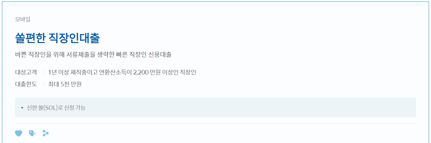 참고로 신한은행에서 지정한 기업에 재직중이신 분들은 우대 금리 및 한도를 적용 받을 수 있는 '쏠편한 직장인대출S'을 이용하실 수 있습니다.
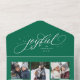 Un élégant script "joyful" est entouré d'étoiles scintillantes sur cette carte de vacances unique. Personnalisez-le avec votre collage de 6 photos et une grande photo simple. Il y a également de la place pour un message plus long qui peut fonctionner comme une mise à jour ou laissé vide. Parfait pour envoyer l'acclamation de Noël à des amis et à la famille. Cette carte verte se plie et peut être envoyée comme carte postale de vacances.
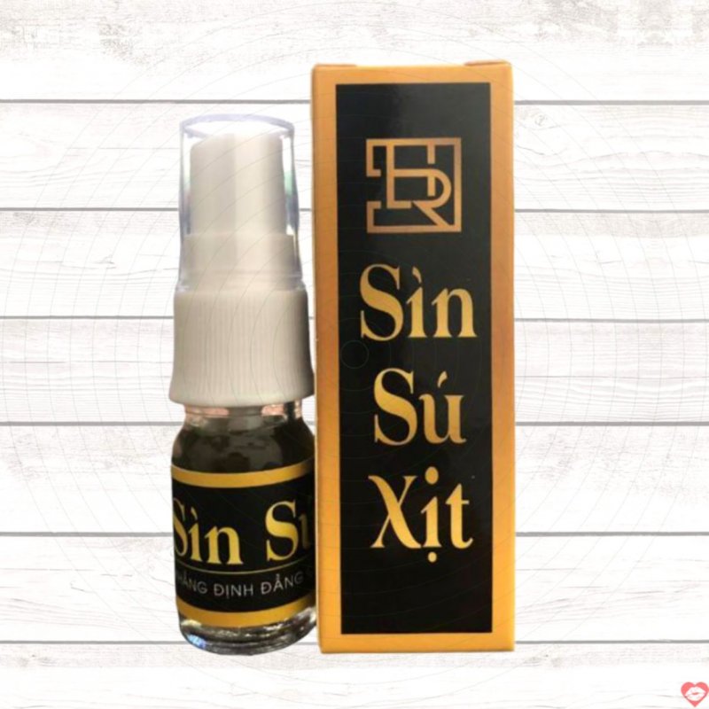 Sìn Sú dạng xịt là nước xịt nguyên chất được chiết xuất từ Sìn Sú Đen cùng các thảo dược thiên nhiên quý hiếm. Với dung tích 6ml, sản phẩm có thể sử dụng từ 25 đến 30 lần, giúp kéo dài thời gian quan hệ lâu hơn từ 30 đến 60 phút, cải thiện hiệu quả chứng xuất tinh sớm, mang lại sự tự tin và thăng hoa trọn vẹn cho phái mạnh. Sản phẩm 100% từ thành phần thảo dược tự nhiên, đảm bảo không gây kích ứng hay tác dụng phụ khi sử dụng.
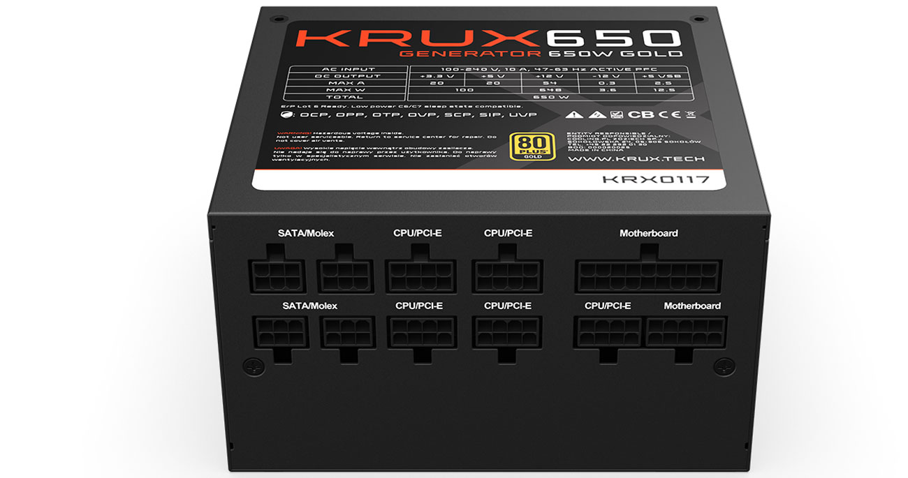 Das KRUX Generator 650W Netzteil gewährleistet das höchste Niveau an Sicherheit für deinen PC. Dank einer Reihe von Technologien zum Schutz der angeschlossenen Komponenten kannst du Konfiguration unbesorgt nutzen. Das Netzgerät ist mit folgenden Schutzvorrichtungen ausgestattet:
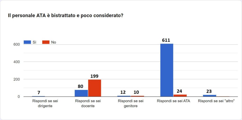 I dati sono molto interessanti e restituiscono una fotografia quasi impietosa della condizione del personale ATA: ben 611 su 639 collaboratori scolastici e assistenti amministrativi si sentono bistrattati e poco considerati.
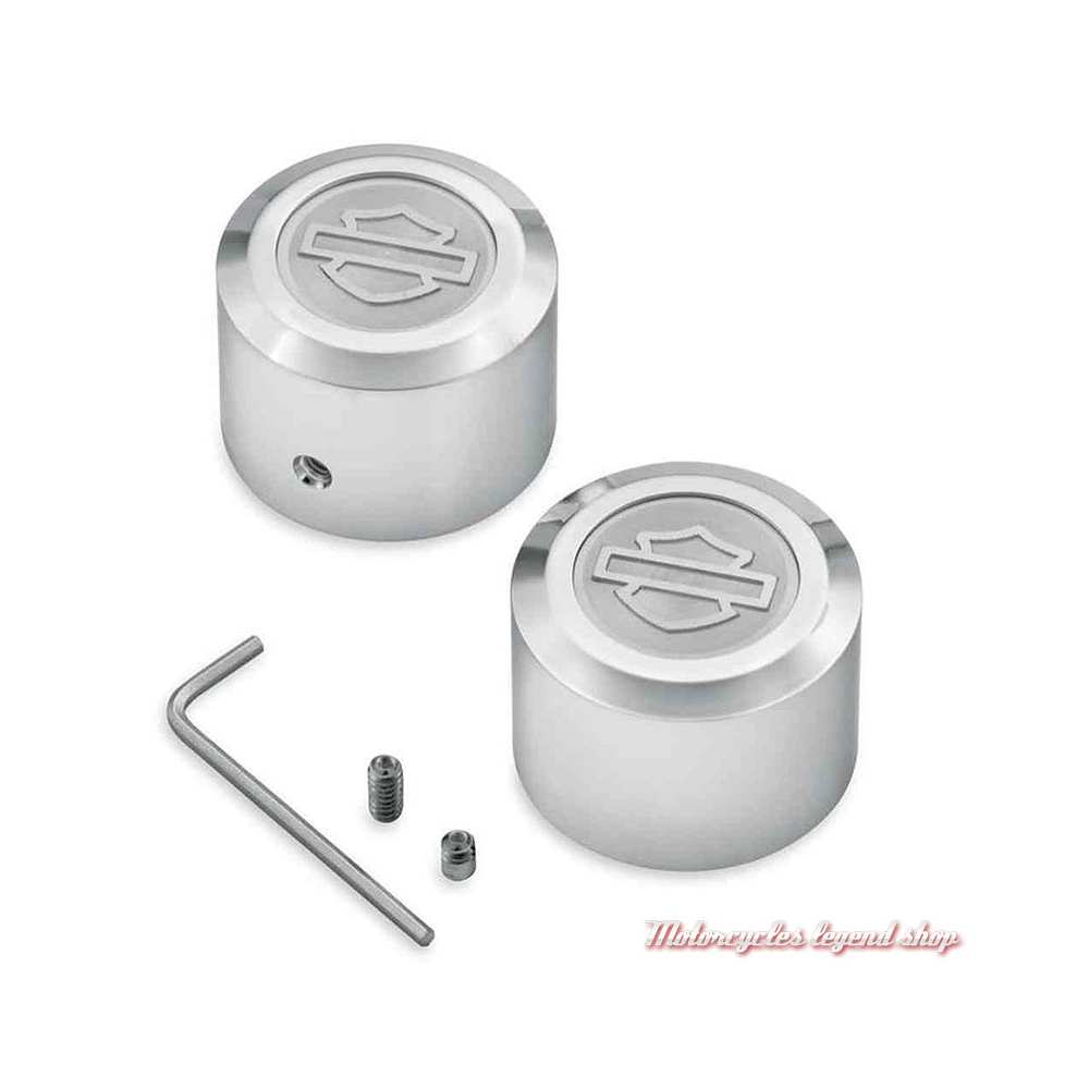 Ces cache-écrous d'axe de roue chromés en billette d'aluminium sont ornés d'un logo Bar & Shield classique. Ces kits faciles à installer comprennent toute la visserie de montage. Vendus par paires.

·····

_Activity_.
Above are the records. Copy word for word only their lines from the one holding "Das KRUX Generator" through the one holding "I dati sono", both included, and skip the images.

_Completed exercise_.
 Das KRUX Generator 650W Netzteil gewährleistet das höchste Niveau an Sicherheit für deinen PC. Dank einer Reihe von Technologien zum Schutz der angeschlossenen Komponenten kannst du Konfiguration unbesorgt nutzen. Das Netzgerät ist mit folgenden Schutzvorrichtungen ausgestattet:
 I dati sono molto interessanti e restituiscono una fotografia quasi impietosa della condizione del personale ATA: ben 611 su 639 collaboratori scolastici e assistenti amministrativi si sentono bistrattati e poco considerati.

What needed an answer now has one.